House Republicans on Oct. 20 said again they will oppose the new package. They called instead for speeding up offshore oil drilling, lowering taxes on corporations that earn money from overseas subsidiaries, and suspending capital gains taxes.

CWA President Larry Cohen said the Democratic congressional plan is much closer to what an economic stimulus package should be, “but while the stimulus would be immediate, the union’s plan is more long-term. It helps workers get jobs.”

“We’ve seen an enormous handout for Wall Street, now we need real attention to Main Street,” Cohen said. “That means the creation of quality jobs by developing alternate energy sources, necessary repair to our highways, bridges, schools and communities and especially important, investment in the global economic engine for the 21st century, the build-out of high speed Internet networks.”

“Jobs for workers come first,” Cohen told the World in an Oct. 20 telephone interview, “before lawmakers grant any further bailouts to Wall Street or breaks to corporations that outsource jobs.”

He said health care reform is needed because the present system leaves 46 million uninsured and the number grows even as workers switch jobs. He said universal health care is also needed because employers who do provide quality health care are left at a competitive disadvantage with those, “like Wal-Mart, who don’t.”
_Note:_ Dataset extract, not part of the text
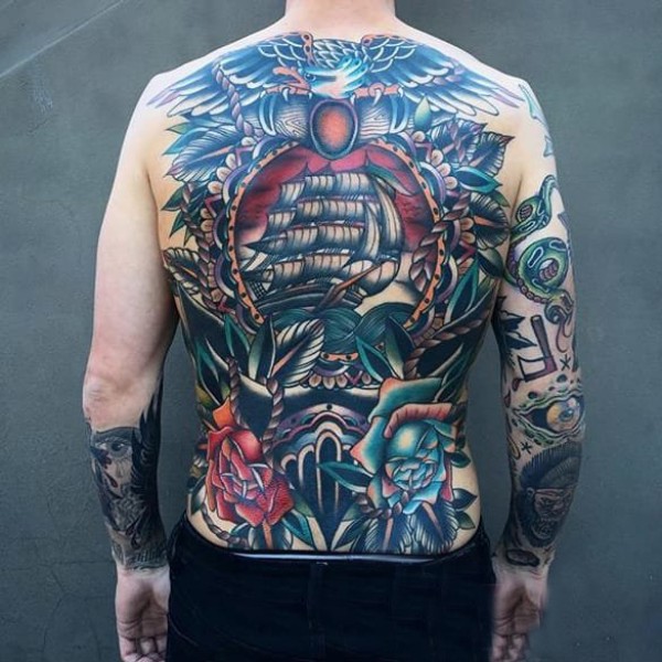 满背蝴蝶骷髅和花纹身图案

Asked why the Employee Free Choice Act is critical to economic recovery, Cohen said, “It would not only help level the playing field between workers and bosses in organizing drives and at the bargaining table but it is essential if there is to be a counterweight to corporate greed. It also gives workers the bargaining power they need to restore their standard of living which eroded under Bush, and is even more endangered now with the financial crush. Real bargaining rights are the best economic stimulus for restoring our middle class.”

Under pressure from an angry working class and its unions, John McCain has increasingly tried in his campaign to portray the GOP, because of its tax policy, as the true friend of the middle class. His recent dialogue with the so-called Joe the Plumber is one example.

McCain campaign efforts in that regard, however, may be backfiring. With the help of Plumbers and Pipefitters Local 440 in Indiana, which is now a battleground state, the World contacted a real “Joe the Plumber.”

“I heard his plan about health care, where McCain wants to tax our benefits,” said Joe Gutzwiller, a licensed plumber in Indianapolis. “Who is he trying to kid? He wants to tax our benefits and he’s all for the big corporations. He would leave all of us middle-class people entirely out of the picture. Obama is trying to give the middle class a tax break and that will help stimulate the economy.”